### EXERCISE PROMPT:
Among the entries below, retype exactly the lines starting with the one with "Kardigan męski, szary" and going on through the one with "- SI感溫探測系統,不怕溢鍋、燒焦、熄火", but not the pictures.

### Collected data:
***

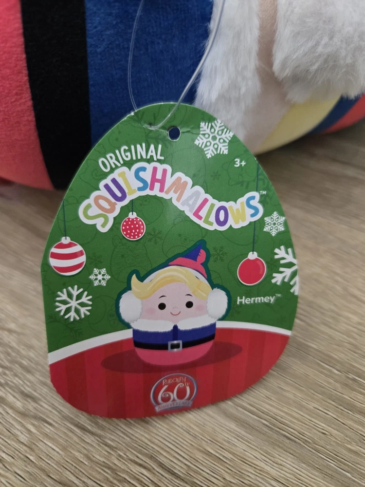*Free shipping with USPS Ground Advantage. Ships ASAP. Packaged with care. Smoke-free home.* This is a Squishmallows plush toy featuring Hermey from Rudolph The Red-Nosed Reindeer 60th Anniversary collection. The small-sized (6.5") plush toy is multicolored and designed for Christmas. It is soft, brand new with tags, and recommended for ages 3 and up. This collectible toy can be hand-washed and is made in China. Please note the imperfections on the hanging tag as shown in the attached pictures.
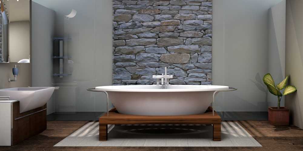 Каменные стены в ванной будут эффектно смотреться и сохранят свой эстетический вид надолго благодаря пропитке. Для этой комнаты подойдет гранит, Известняк также подойдет, но он должен быть надлежащим образом защищен, чтобы не впитывать влагу.
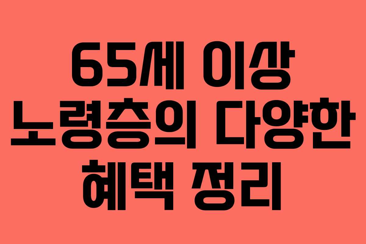 65세 이상 노령층을 위한 다양한 혜택이 있습니다. 이러한 복지 제도는 노년층의 경제적 부담을 덜기 위해 마련되었으며, 일부는 65세 미만도 혜택을 받을 수 있으니 적극 활용하시기 바랍니다.
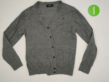Kardigan męski, szary melanż - Klasyczny sweter zapinany na guziki (4 guziki z przodu) - Głęboki, miękko układający się dekolt w kształcie litery V - Drobny, gęsty splot dzianiny; lekka, przyjemna...
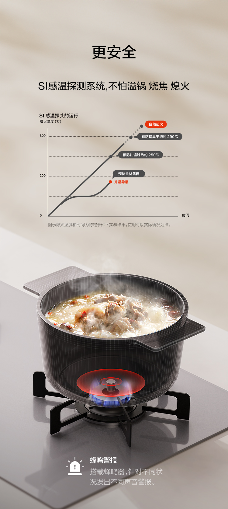 - SI感溫探測系統,不怕溢鍋、燒焦、熄火
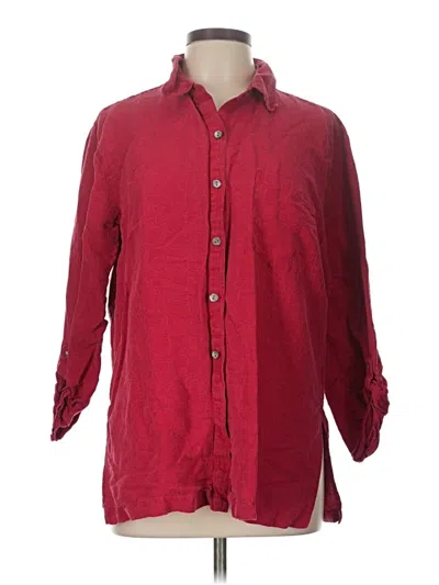 Chico's Design 3/4 Sleeve Silk Top, Size: Large. Item Details: Burgundy, Solid Pattern, Collared Neckline, Frayed Edges, Women's Tops, Silk/Linen
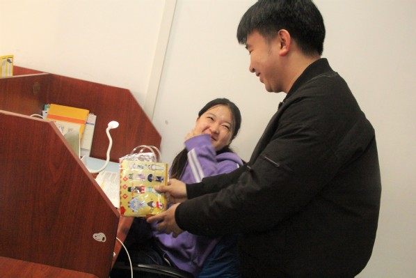 活动前期,由辅导员姜菲挑选采购温暖小礼包,其中包括暖水袋、小零食、写满鼓励话语的贺卡、寓意心想事成的橙子等,这些礼品均由山东广浦生物科技有限公司赞助。在礼品分发过程中,窦雅琴问候了员工们的学习情况,关注员工们的身体健康,同时还询问了员工考研自习室暖气供应是否正常,光线是否合适等问题。窦雅琴对考研员工说道:“希望你们调整好自己的心态,坚定信心,以最好的心态迎接考试,预祝你们金榜题名,考研成功!”
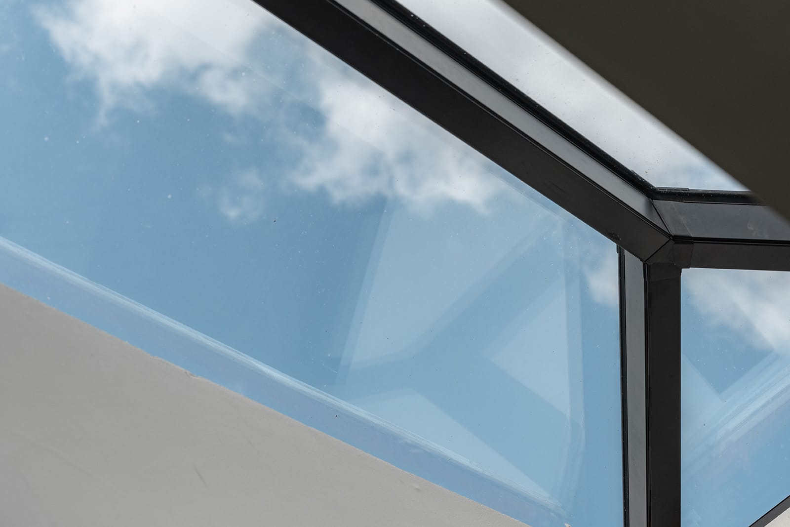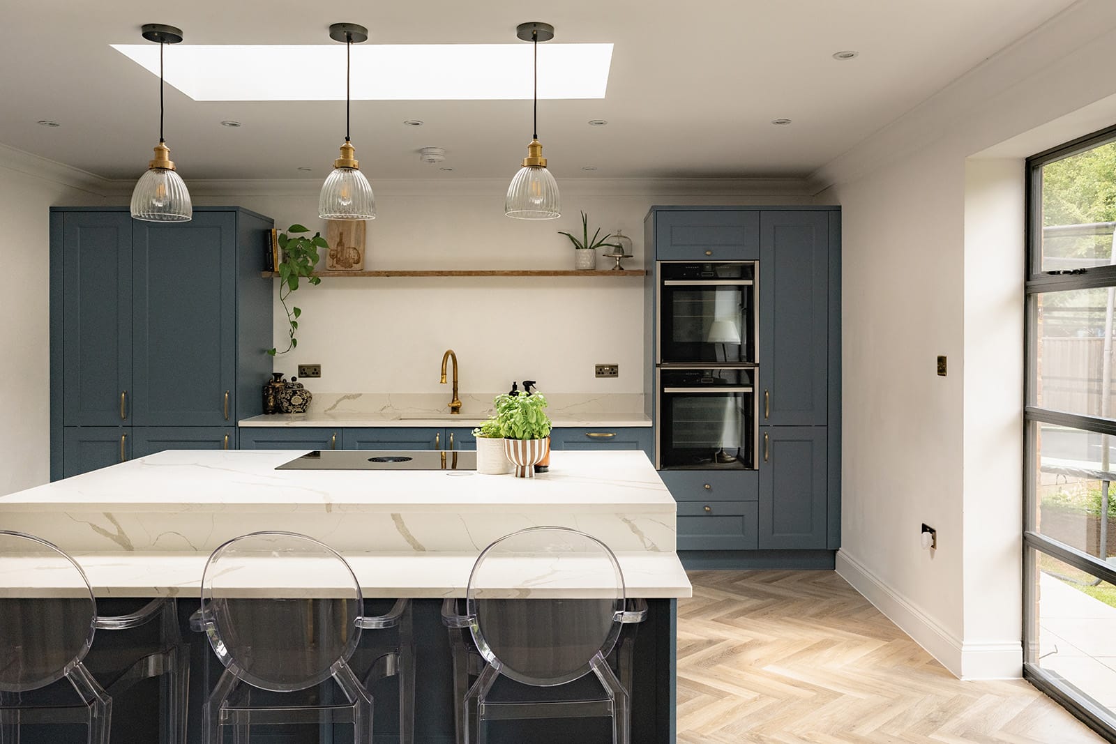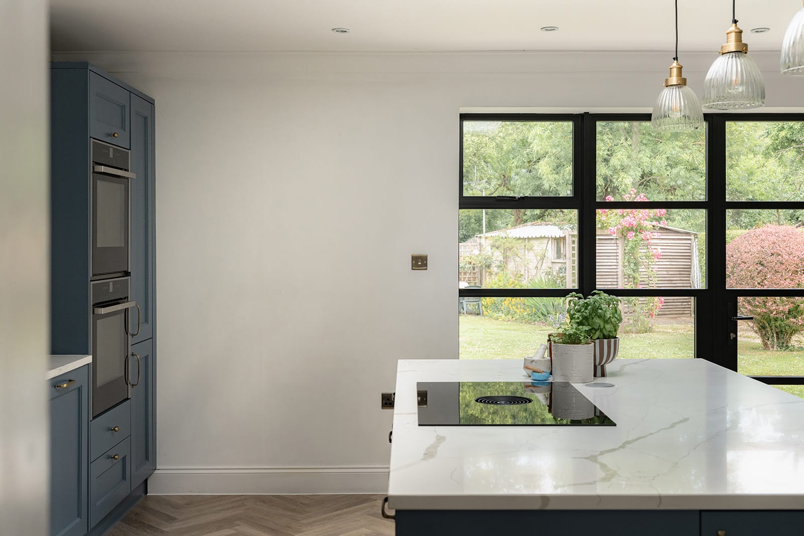 To the rear, the heart of the home unfolds in the expansive kitchen and breakfast room. At its centre, a beautifully appointed kitchen, crafted around calacatta quartz worktops, offers both form and function, with a suite of premium appliances including a Bora induction hob with integral extraction, Neff ovens and a Perrin & Rowe aged brass tap over a traditional butler’s sink. A huge central island anchors the space, drenched in light thanks to an atrium roof positioned above. Another set of black metal glazed double doors connects the space to the garden, drawing the outside in. Just off the kitchen, a separate utility room adds considered practicality.
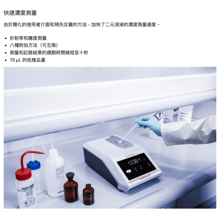 範圍 | 0 °Brix 至 100 °Brix | 0 °Brix 至 100 °Brix | 0 °Brix 至 100 °Brix |
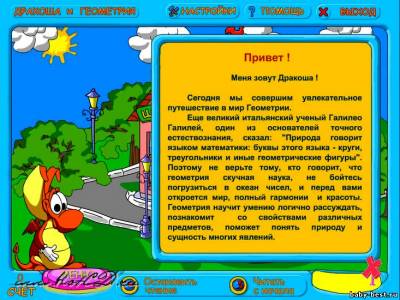Дракоша и занимательная геометрия входит в серию обучающих игровых приложений, которые будут интересны и детям и взрослым любого возраста. Вы совершите увлекательное путешествие в мир геометрии, погрузившись в океан чисел и открыв мир, полный гармонии и красоты. Обаятельный гид Дракоша, сопровождает вас на протяжении всей игры. Опираясь на геометрию, он научит умению логично рассуждать, познакомит со свойствами различных предметов и поможет понять природу и сущность многих явлений. В каждом разделе есть игры, носящие познавательный характер, а за успешное прохождениевам начисляются очки.
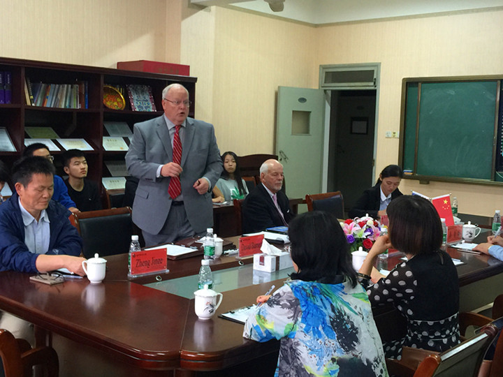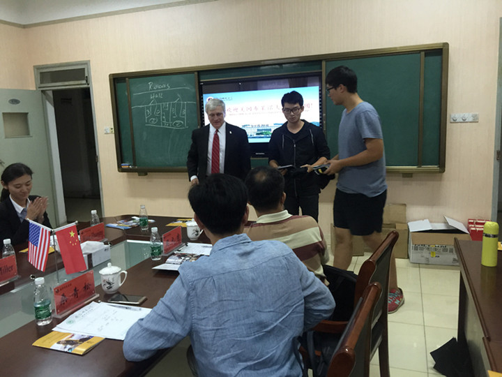 会上,布莱诺大学校长Edward Schrader 首先向大家介绍了布莱诺大学的基本情况以及中美学前专业的培养模式,他告诉同学们美方将在本学期专门派驻一名外教教师帮助大家准备赴美学习的相关资料,安慰大家不要太紧张。同时他也向大家展示了前面两届学生在美学习的情况,期望同学们能够采取多种方式提前了解布莱诺大学,做好相应的准备。
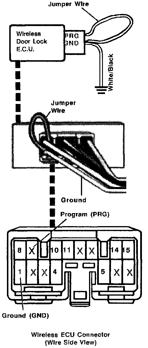 The PRG (Program) pin of the Wireless Door Lock ECU is grounded to perform programming. This is accomplished by accessing the Wireless Door Lock ECU directly, as there is NO PRG wire connecting to a satellite location.

***

### TASK ANSWER:
Kardigan męski, szary melanż - Klasyczny sweter zapinany na guziki (4 guziki z przodu) - Głęboki, miękko układający się dekolt w kształcie litery V - Drobny, gęsty splot dzianiny; lekka, przyjemna...
 - SI感溫探測系統,不怕溢鍋、燒焦、熄火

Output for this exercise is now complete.